Segment Start: Data provided
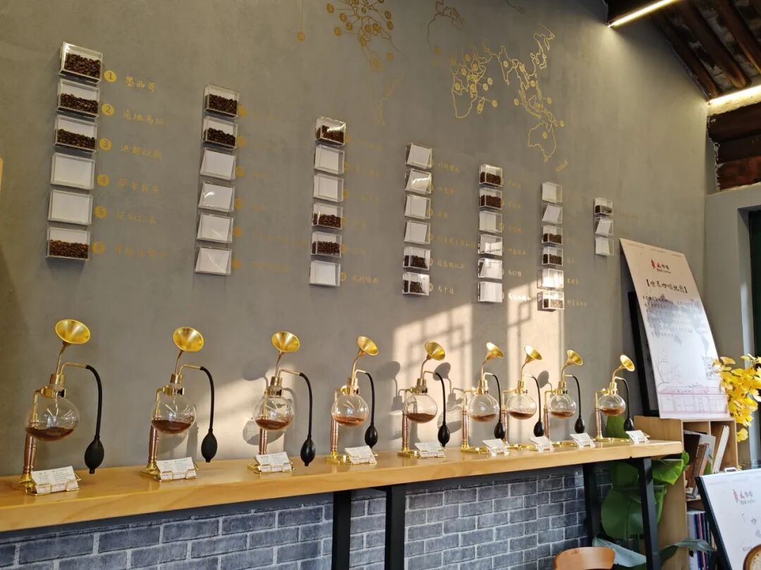 磨山咖啡小微展馆收集来自世界各地的咖啡豆,将其设计成为世界咖啡地图主题装饰,配专业闻香机与手冲、意式咖啡器具展区,游客可亲手制作咖啡,还能参与沙龙了解产地故事与烘焙工艺。
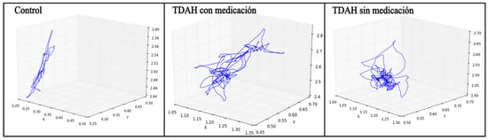 As an example, Figure 5 shows the trajectory of the head joint for one minute of a subject with a firm diagnosis of ADHD (centre), the same subject without medication (right) and a subject in the control group (left).
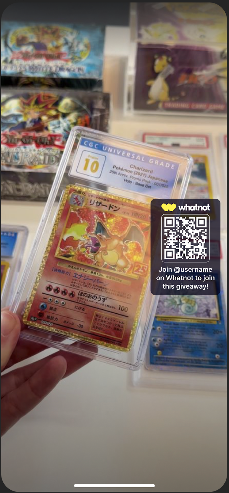 - Als je een giveaway houdt op Whatnot, wordt de overlay aangepast en wordt er ook een QR-code weergegeven om kijkers aan te moedigen naar je stream te komen
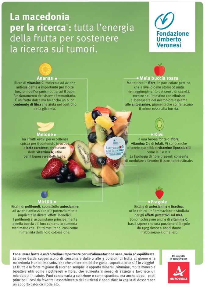 Autogrill, che partecipa al progetto in qualità di partner tecnico ed esclusivo, conferma il suo impegno nel sensibilizzare i viaggiatori sul tema dell'alimentazione sana ed equilibrata, impegno rafforzato dalla collaborazione con Fondazione Umberto Veronesi, nata nel 2021. La scelta di devolvere i ricavi dalla vendita di macedonia è legata ai grandi benefici del consumo frequente di frutta.
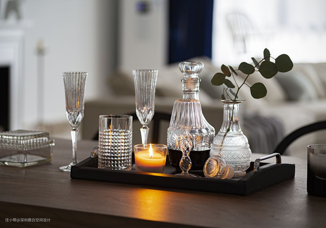 蜡烛光晕,在烦躁的城市里,点燃一只蜡烛使整个空间更宁静,玻璃材质有细节纹理,展示更多欧式古典风,一直高品质的生活方式。一支蜡烛,2杯红酒,细细品。这就是我们营造的空间氛围,精致的生活品质。
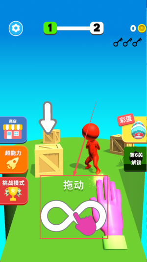 1、进入关卡后,点击屏幕操控橡皮人移动,碰到障碍物时,通过把控点击的力度和时机,让橡皮人迅速穿过。
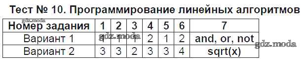 ГДЗ решение к заданию № Тест №10. Программирование линейных алгоритмов Информатика 8 класс контрольно-измерительные материалы Масленикова О.Н. ВАКО 2017 ФГОС бесплатно на гдз.мода!
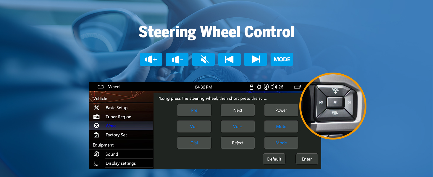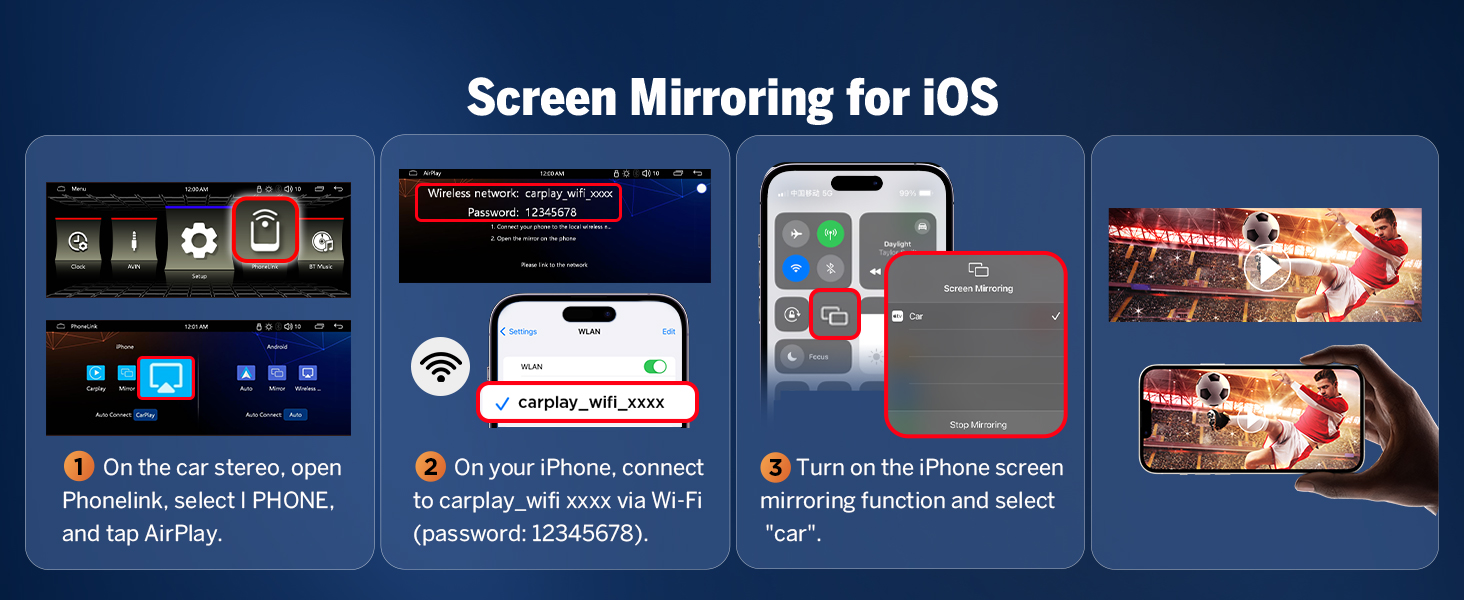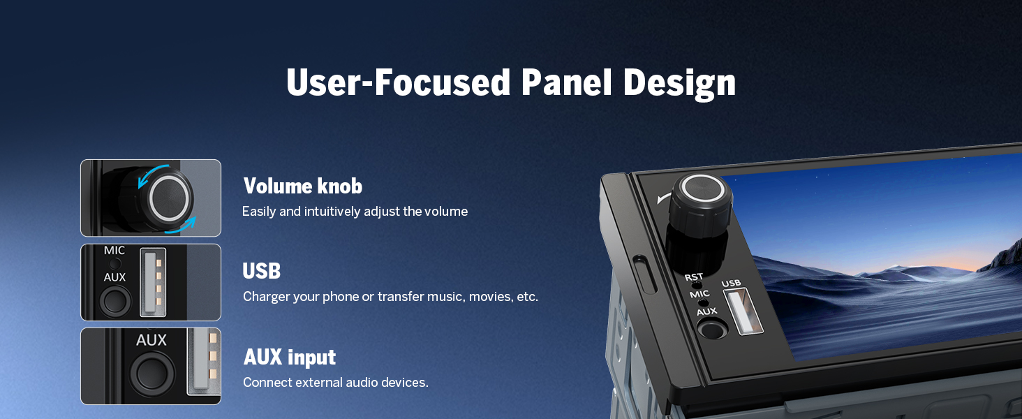 - Supports screen mirroring; Supports steering wheel control; Physical volume control; Supports clock display; Supports playback memory when the device is powered off; Supports rear view camera
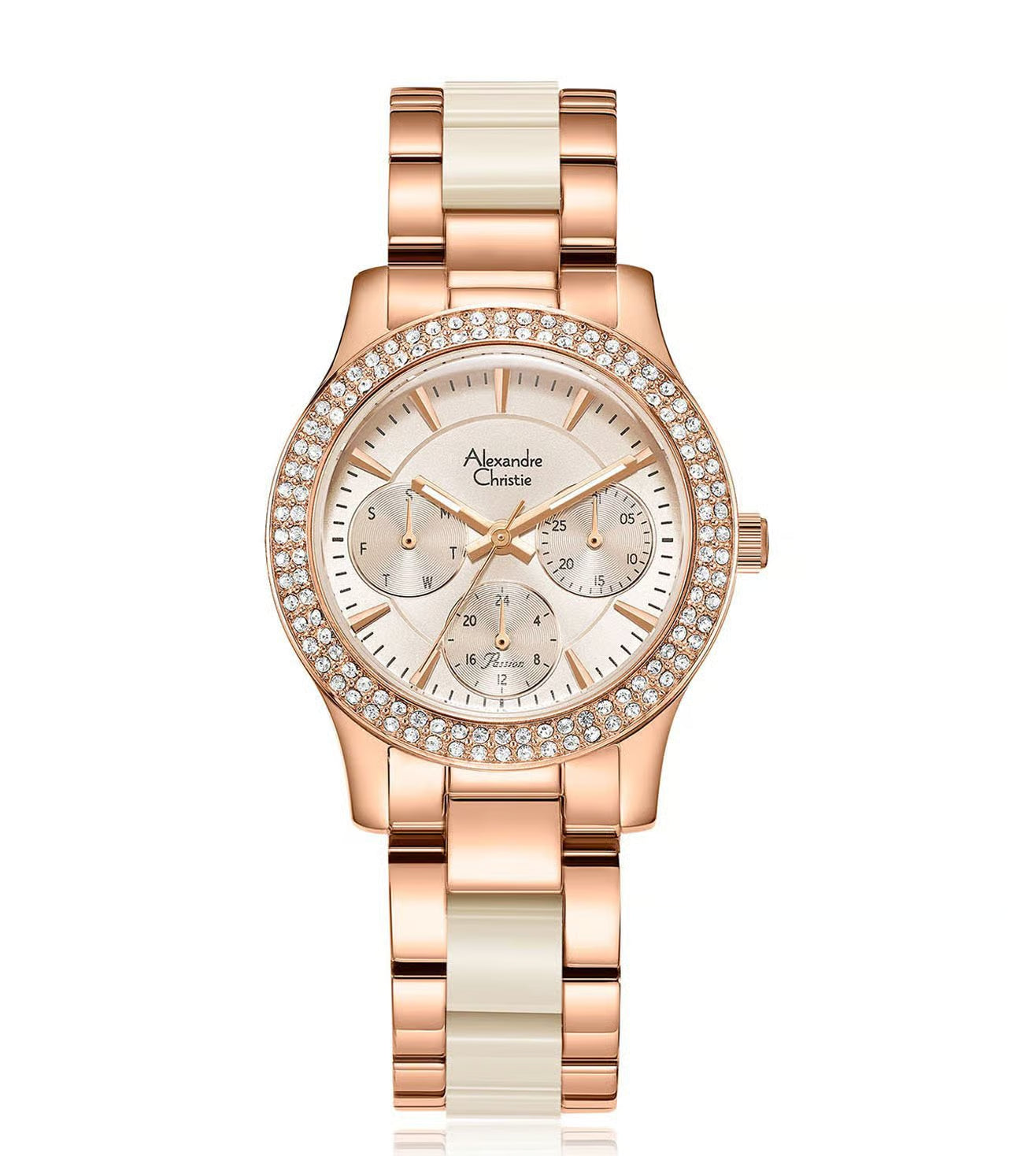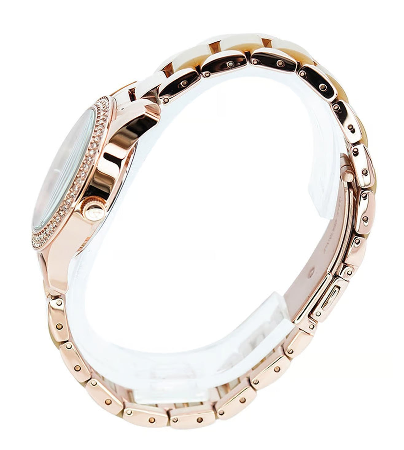 The attractive watch conveys a glamorous urban look with its color. It features a timeless dial encrusted with polished accents, creating a dressy look that is perfect for any occasion. The trendy stainless steel case and bracelet add a bold touch of contemporary style.
Segment End: Data provided
**Problem description**
The range to copy runs from the line with "- Supports screen" to the last line of the entries, both included; copy it exactly and leave out the pictures.

**Result below**
 - Supports screen mirroring; Supports steering wheel control; Physical volume control; Supports clock display; Supports playback memory when the device is powered off; Supports rear view camera
 The attractive watch conveys a glamorous urban look with its color. It features a timeless dial encrusted with polished accents, creating a dressy look that is perfect for any occasion. The trendy stainless steel case and bracelet add a bold touch of contemporary style.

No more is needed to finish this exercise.